Along with those changes to the series’  systems, the addition that sets this game apart from the others is the use the Merge mechanic. A bit less than halfway through the  game an Evil Clown (no, not that one) tries to destroy Link by trapping him in  a 2D painting. Thanks to the power PLOT Link not only survives the magic assault but gains the ability to walk along all walls as a 2D painting for a limited time. Most of the game’s puzzles revolve around, finding a point to become a painting to get to another location. This is not just reduced to something as obvious as using a wall to cross a path when the floor has been destroyed. There are plenty of smart puzzles involving moving platforms and perfectly timed wall merges.

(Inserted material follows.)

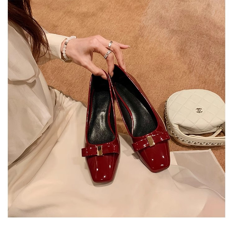 2025년 여름 신상 패션 통근 다용도 메리제인 슈즈, 얕은 입구 리본, 심플한 두꺼운 굽 슈즈스토어 가기
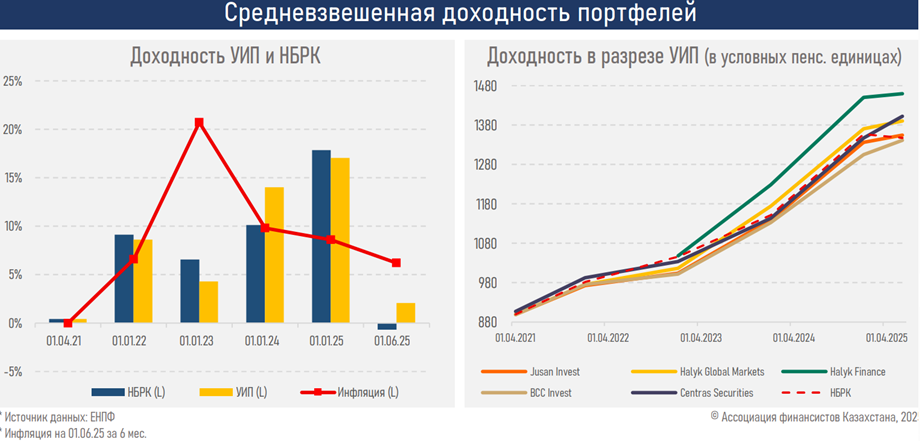 В целом с момента внедрения возможности частного управления практически все частные управляющие компании опережают Нацбанк в росте условной единицы стоимости пенсионных активов, что подчёркивает важность наличия выбора и конкуренции в управлении пенсионными активами в интересах вкладчиков.

I think the painting art is secretly my favorite thing about the game



Other Zelda titles I’ve liked were Link’s  Awakening, Oracle of Seasons and Minish Cap. I played Phantom Hour Glass up to defeating the last dungeon and going back to the MAIN one but soon became completely disinterested in the game that just wouldn’t end and wouldn’t stop with the filler material (I’d even gotten used to the silly stylus-only movements). I completed  A Link Between Worlds in about 3 weeks of casual play. With the exception of the Desert Fortress/Dungeon I always felt a sense of progression, of accomplishment. Whereas is the past with Zelda games I begin feeling like I’m climbing up a steep hill very quickly. The open-ended structure and constant positive feed back of being able to complete dungeons and dispatch of enemies how I see fit was such a rush.


A Link to the Past is a pretty good answer when guessing the favorite childhood game game of a 26 – 34 year old video game enthusiast (Battletoads x Double Dragon 4 Life) but this sequel is my favorite game, so far, set in that version of Hyrule.